The subjective truth is, however, 100% a reason for conflicts. And leads to disagreements. What’s interesting here, we need arguments for both subjective and objective truth: “Jets are better than Patriots because…”
Arguments Simply Don’t Work
However, arguments don’t work. They don’t work in negotiating and neither do they work in relationships. The only place they work is science.
A strictly scientific approach states that as soon as a single counterargument appears against even a vast number of arguments, we must reconsider the entire theory. Outside of science, in interpersonal communication, we know that there is at least one counterargument for every argument.
By having speculations, we negotiate with ourselves. Instead of knowing something for sure or being open to finding out more, we get stuck with our speculation. And we’re wasting our energy on searching for reassurance that our speculation is right.
Our friends and family are then either allies or opponents. And we head to the bottom of conflict escalation: war, divorce, or court.
The best way to prevent this is with tactical empathy. It works the same as negotiating. Even here, it’s necessary to ask open questions. Questions that cannot be answered with YES or NO, but which give the other person more space. Then the hardest part comes - we have to stay quiet and listen actively.
If we’re successful at this, we can start building assumptions that we then find either truths or lies.

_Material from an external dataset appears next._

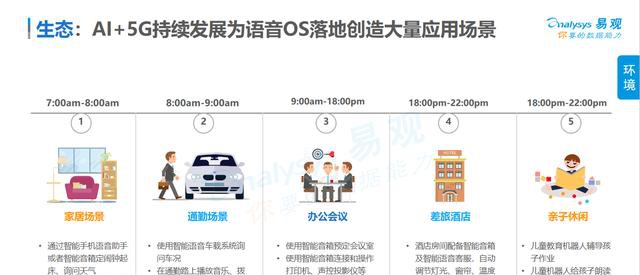 與此同時,語音技術全鏈路升級為語音OS培育豐沃土壤,為語音OS落地創造大量應用場景。易觀在《中國語音OS市場專題分析2020》指出,家居、通勤、辦公會議、親子休閑等都是語音OS落地的主要場景。
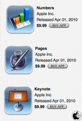 2010年04月02日(金) iPad App Store#Apple#iPad#iWork#Keynote#Numbers#Pages Apple、App Storeで、iPad専用iWorkアプリの販売を開始(US) ※本サイトは、アフィリエイト広告および広告による収益を得て運営しています。購入により売上の一部が本サイトに還元されることがあります。 Appleが、App Storeで、iPad専用iWorkアプリ「Numbers」「Pages」「Keynote」を各9,99ドル(1,200円)で販売を開始しています。 なお、現在、日本のApp Storeでは購入出来ず、US App Storeでのみ販売されています。

A big advantage of open questions and active listening? The other party gives us lots of information we can then work with. The majority of people like to talk. Steer the monologue the course that is advantageous for you and you’ll be where you want to be.
Highway to Hell
Speculations are dangerous because they make us believe they’re true. We see only what we want to see. And if we’re, on top of that, afraid to ask questions, we are on a highway to hell.
We make decisions based on emotions, not reality and facts.
There’s a tendency to see through one’s own lenses. What a paradox. Each of us thinks we’re more than others. Self-serving bias is what we’re talking about right now.
Yet, we feel the need to evaluate others based on our values. Our approach and experiences. Simply put, based on our view of the world.
And while assumptions push science forward, speculations are the source of great human conflicts and tragedies.
I might not answer all of your questions about how to save your business or solve a big conflict with this one. But I hope I, at least, gave you something you can start working with.
After coming home, try to ask your partner an open question. For example, “What was the most interesting thing you came across today?” And then, just listen. You’ll notice the difference.